The response should consist only of the lines from the one with "Георгий Арсентьевич разглядывает" to the end of the data below, copied exactly and without pictures.

┌────────

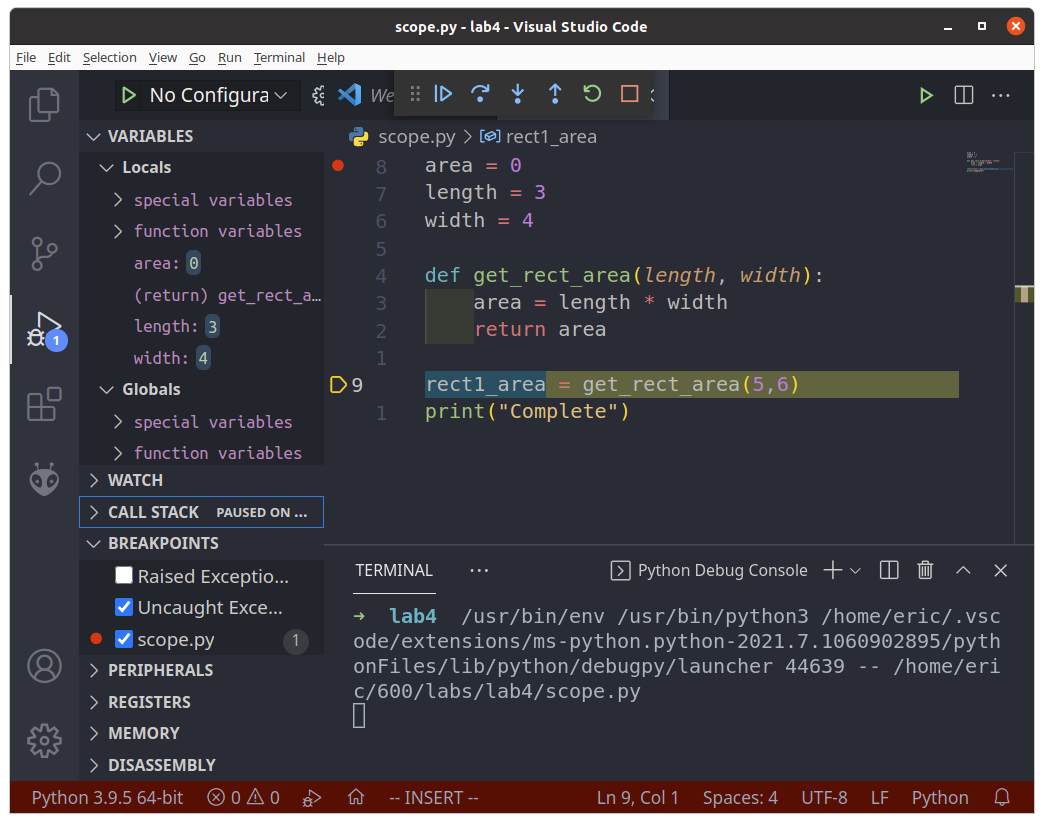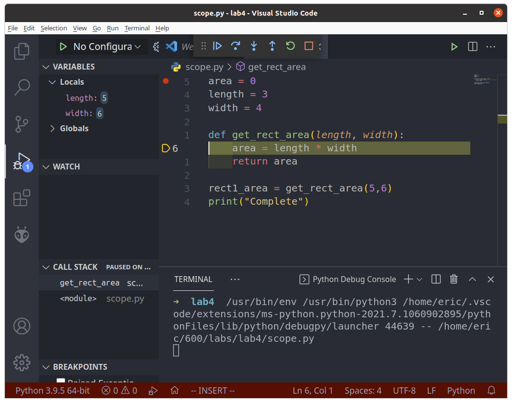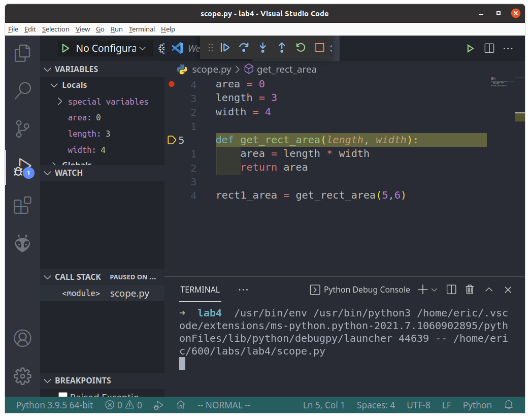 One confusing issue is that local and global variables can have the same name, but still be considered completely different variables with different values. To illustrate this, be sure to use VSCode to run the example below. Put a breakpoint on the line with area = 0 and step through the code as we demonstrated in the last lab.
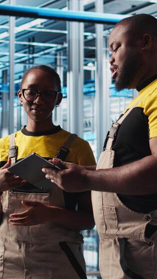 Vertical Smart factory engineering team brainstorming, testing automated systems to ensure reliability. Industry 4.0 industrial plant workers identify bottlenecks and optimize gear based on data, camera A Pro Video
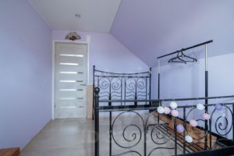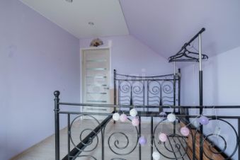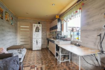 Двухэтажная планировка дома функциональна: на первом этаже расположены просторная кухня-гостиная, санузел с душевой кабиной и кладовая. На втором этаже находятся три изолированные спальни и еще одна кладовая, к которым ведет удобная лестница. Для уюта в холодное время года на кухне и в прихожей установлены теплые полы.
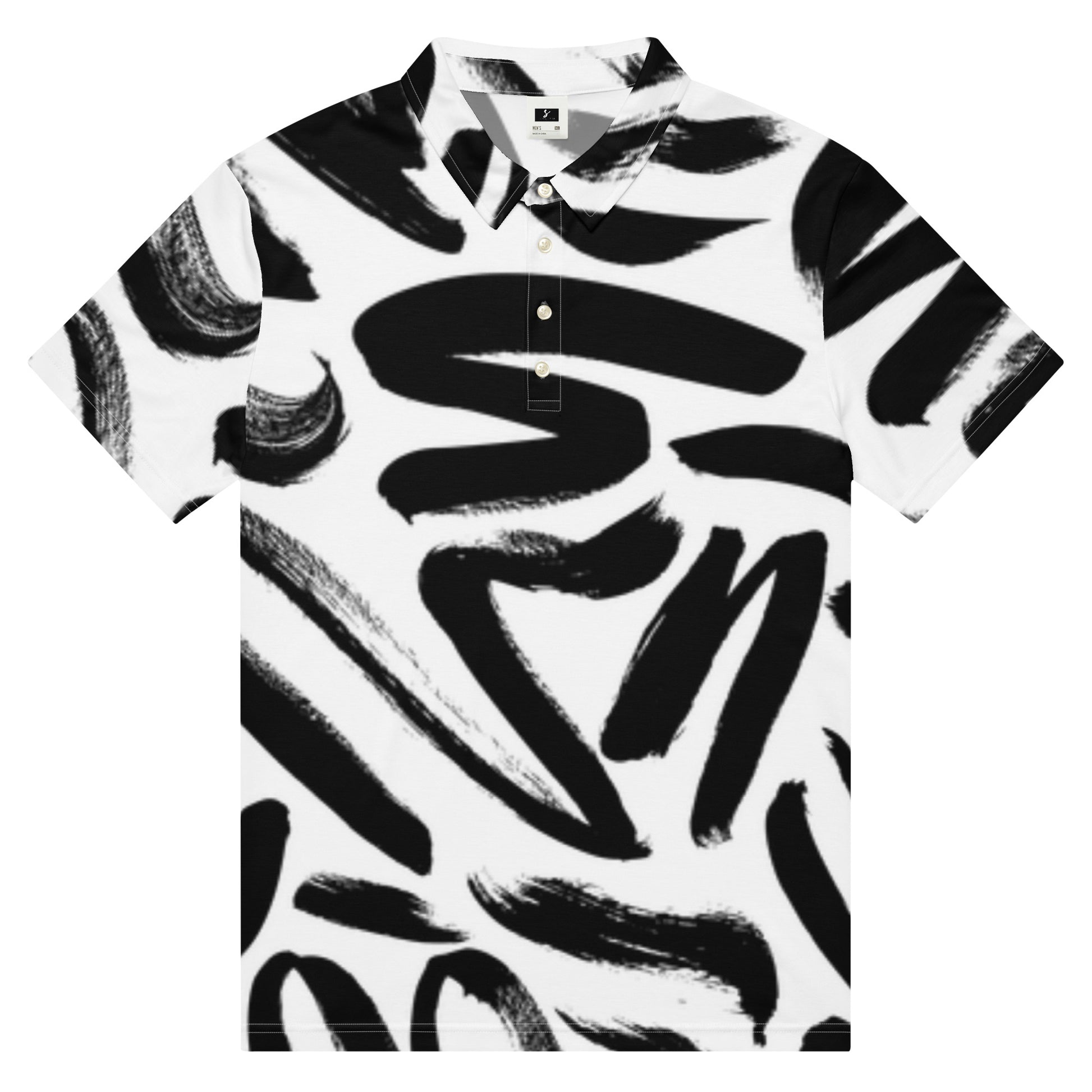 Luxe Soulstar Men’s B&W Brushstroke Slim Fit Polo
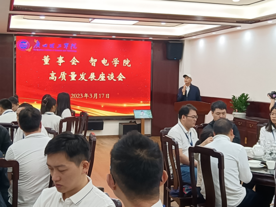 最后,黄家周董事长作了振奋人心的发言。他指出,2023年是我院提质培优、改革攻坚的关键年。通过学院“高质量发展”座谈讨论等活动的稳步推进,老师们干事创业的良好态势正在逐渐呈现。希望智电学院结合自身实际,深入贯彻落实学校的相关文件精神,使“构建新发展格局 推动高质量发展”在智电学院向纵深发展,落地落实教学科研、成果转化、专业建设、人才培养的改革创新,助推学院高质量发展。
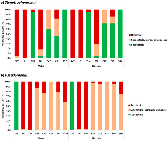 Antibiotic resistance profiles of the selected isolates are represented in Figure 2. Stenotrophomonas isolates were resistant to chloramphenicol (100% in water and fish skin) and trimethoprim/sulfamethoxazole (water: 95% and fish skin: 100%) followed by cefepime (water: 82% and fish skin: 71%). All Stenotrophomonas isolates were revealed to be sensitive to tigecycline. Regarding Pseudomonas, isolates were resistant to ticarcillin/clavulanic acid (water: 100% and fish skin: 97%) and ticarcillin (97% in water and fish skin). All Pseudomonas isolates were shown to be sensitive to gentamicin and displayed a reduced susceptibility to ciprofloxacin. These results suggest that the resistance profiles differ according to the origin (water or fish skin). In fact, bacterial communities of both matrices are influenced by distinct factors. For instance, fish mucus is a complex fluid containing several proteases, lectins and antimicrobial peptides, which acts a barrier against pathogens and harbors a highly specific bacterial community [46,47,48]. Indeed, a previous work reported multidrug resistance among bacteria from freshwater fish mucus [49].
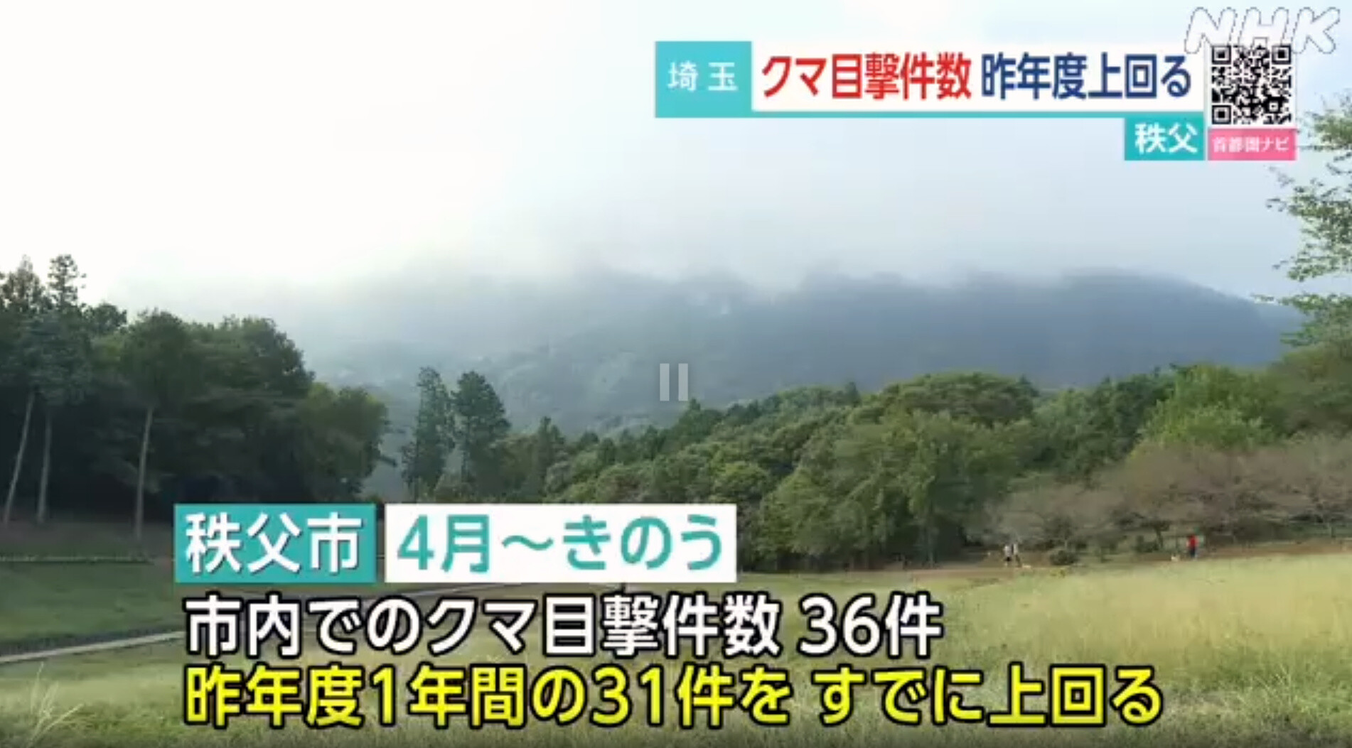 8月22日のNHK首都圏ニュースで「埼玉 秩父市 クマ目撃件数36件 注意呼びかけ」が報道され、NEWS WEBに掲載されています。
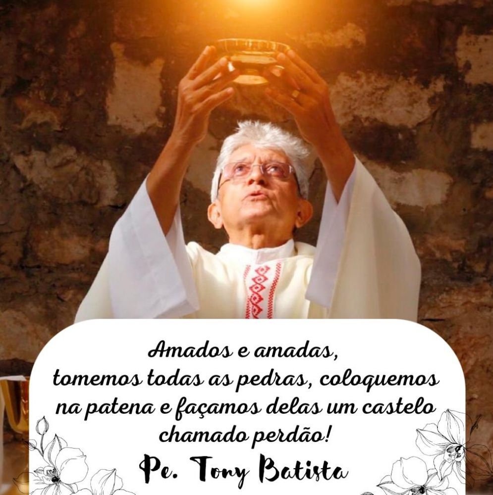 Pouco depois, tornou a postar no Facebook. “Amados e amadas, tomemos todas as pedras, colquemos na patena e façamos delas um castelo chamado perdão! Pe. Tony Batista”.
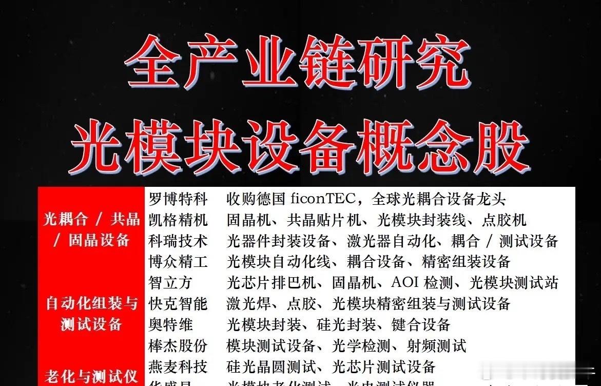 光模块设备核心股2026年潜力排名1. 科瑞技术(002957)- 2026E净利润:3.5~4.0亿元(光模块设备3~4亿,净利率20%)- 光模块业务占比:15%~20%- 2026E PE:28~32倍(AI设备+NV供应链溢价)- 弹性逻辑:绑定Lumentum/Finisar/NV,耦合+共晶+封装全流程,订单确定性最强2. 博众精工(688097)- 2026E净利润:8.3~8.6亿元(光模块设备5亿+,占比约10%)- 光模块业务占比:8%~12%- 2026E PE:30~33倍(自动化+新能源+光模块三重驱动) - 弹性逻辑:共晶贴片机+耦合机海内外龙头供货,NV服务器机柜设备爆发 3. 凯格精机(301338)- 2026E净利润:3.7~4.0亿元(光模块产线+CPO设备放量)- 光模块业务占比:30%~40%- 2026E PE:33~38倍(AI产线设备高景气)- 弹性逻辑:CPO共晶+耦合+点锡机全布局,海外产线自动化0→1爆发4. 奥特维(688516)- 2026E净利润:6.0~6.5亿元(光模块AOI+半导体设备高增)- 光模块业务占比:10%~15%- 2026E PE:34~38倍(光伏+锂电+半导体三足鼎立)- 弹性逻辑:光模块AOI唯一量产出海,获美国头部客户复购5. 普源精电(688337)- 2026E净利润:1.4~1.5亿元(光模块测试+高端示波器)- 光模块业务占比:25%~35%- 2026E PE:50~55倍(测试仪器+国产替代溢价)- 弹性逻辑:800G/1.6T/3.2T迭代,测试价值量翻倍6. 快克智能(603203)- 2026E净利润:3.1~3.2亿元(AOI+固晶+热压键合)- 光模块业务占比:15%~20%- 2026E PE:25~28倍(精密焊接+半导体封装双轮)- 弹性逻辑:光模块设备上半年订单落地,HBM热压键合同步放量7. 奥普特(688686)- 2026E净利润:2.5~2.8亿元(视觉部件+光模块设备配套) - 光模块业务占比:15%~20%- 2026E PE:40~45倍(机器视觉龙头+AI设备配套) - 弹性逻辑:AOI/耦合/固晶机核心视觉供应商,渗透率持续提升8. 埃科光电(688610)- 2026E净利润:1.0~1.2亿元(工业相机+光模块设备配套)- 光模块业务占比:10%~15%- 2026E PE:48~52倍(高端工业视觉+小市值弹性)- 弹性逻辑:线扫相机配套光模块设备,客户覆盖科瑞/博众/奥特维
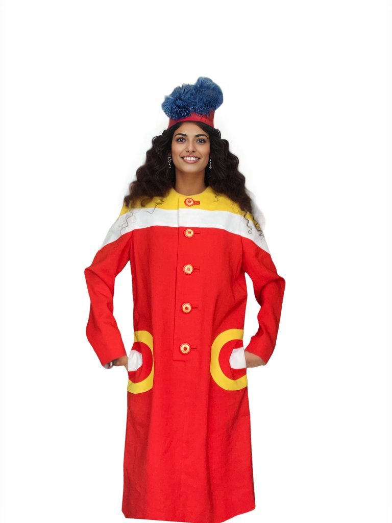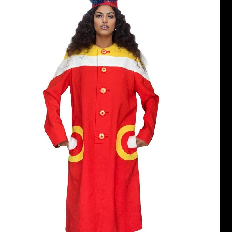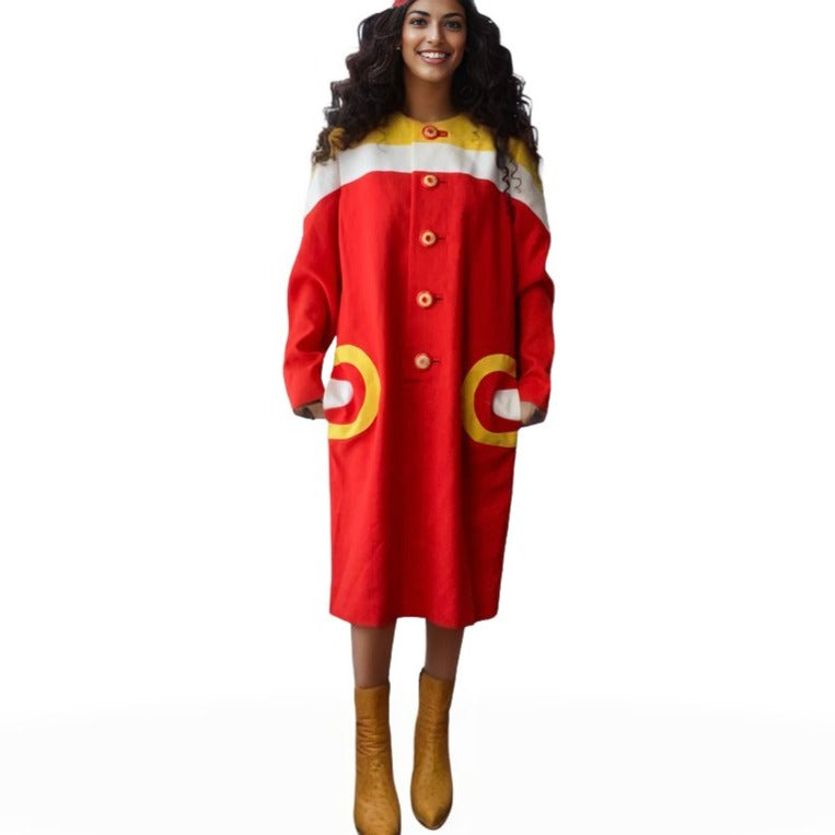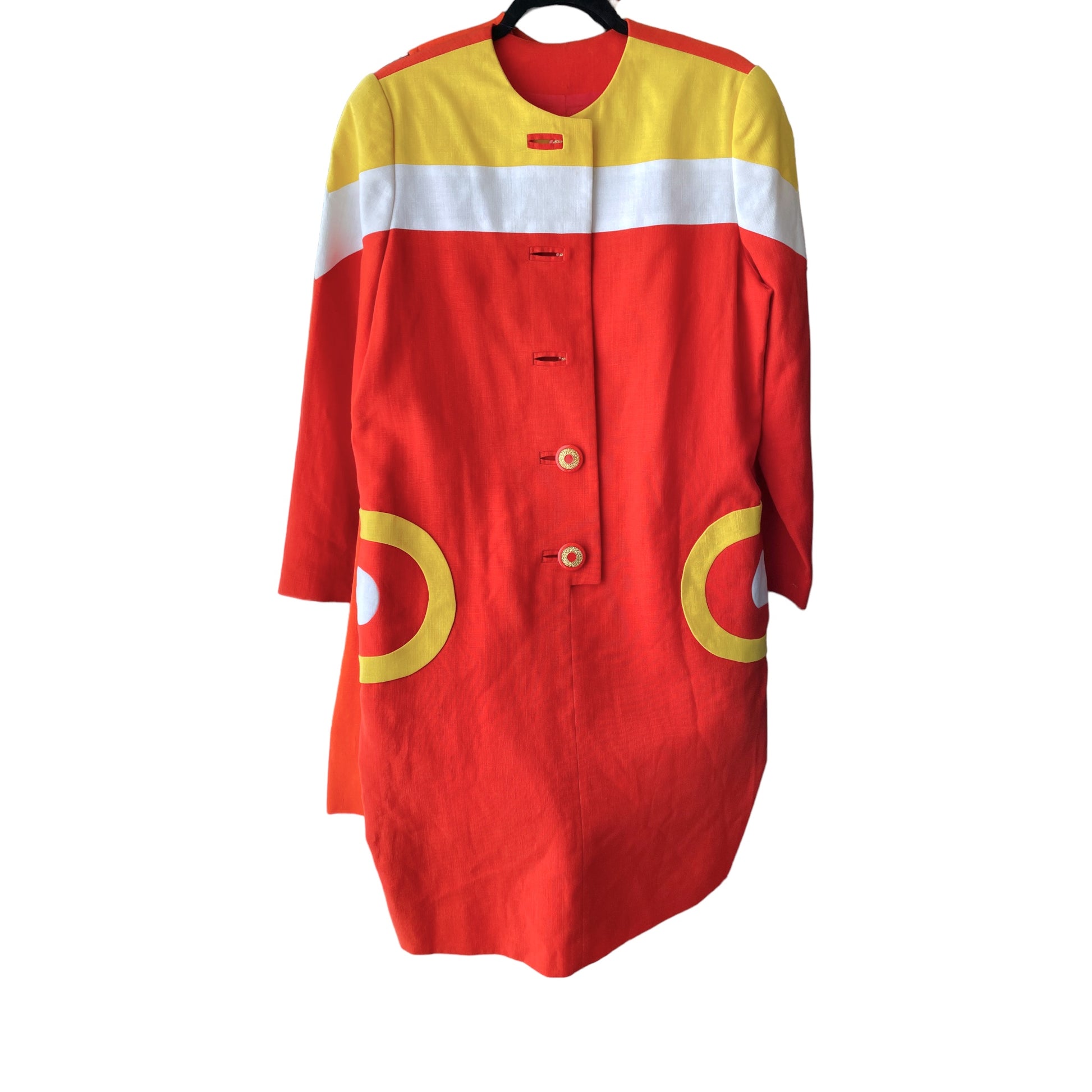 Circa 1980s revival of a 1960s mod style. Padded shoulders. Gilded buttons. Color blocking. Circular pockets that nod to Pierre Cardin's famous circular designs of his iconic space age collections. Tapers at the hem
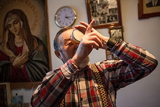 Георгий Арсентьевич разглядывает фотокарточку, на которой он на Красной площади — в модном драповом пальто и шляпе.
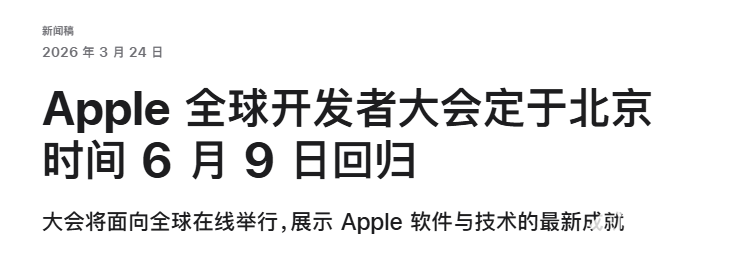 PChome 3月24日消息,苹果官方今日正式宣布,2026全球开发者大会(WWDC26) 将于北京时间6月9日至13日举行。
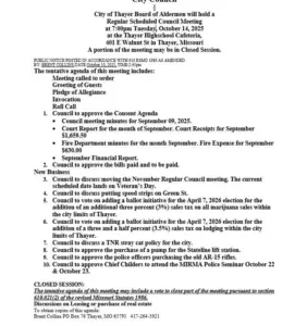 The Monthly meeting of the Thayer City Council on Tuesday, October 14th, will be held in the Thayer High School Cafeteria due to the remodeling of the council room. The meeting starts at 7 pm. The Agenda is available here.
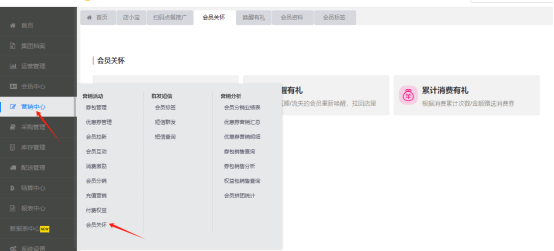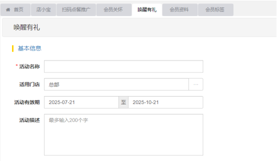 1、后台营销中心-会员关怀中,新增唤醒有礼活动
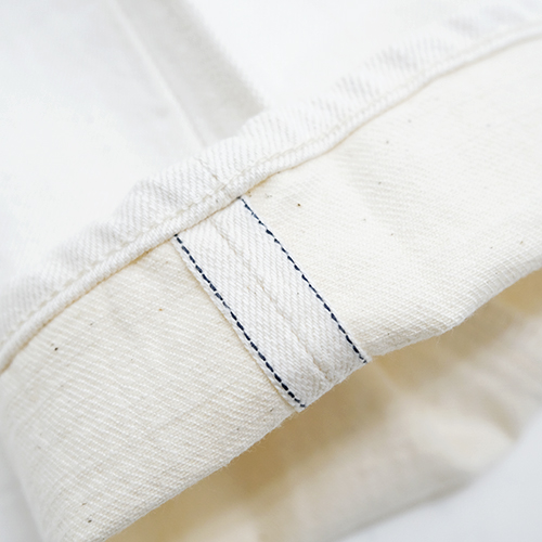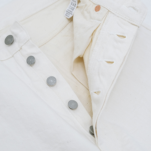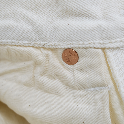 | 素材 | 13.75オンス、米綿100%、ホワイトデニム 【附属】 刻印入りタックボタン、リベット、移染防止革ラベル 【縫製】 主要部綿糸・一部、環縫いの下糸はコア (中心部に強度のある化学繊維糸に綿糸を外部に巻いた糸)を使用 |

└────────

▸ RESPONSE:
 Георгий Арсентьевич разглядывает фотокарточку, на которой он на Красной площади — в модном драповом пальто и шляпе.
 PChome 3月24日消息,苹果官方今日正式宣布,2026全球开发者大会(WWDC26) 将于北京时间6月9日至13日举行。
 The Monthly meeting of the Thayer City Council on Tuesday, October 14th, will be held in the Thayer High School Cafeteria due to the remodeling of the council room. The meeting starts at 7 pm. The Agenda is available here.
 1、后台营销中心-会员关怀中,新增唤醒有礼活动
 | 素材 | 13.75オンス、米綿100%、ホワイトデニム 【附属】 刻印入りタックボタン、リベット、移染防止革ラベル 【縫製】 主要部綿糸・一部、環縫いの下糸はコア (中心部に強度のある化学繊維糸に綿糸を外部に巻いた糸)を使用 |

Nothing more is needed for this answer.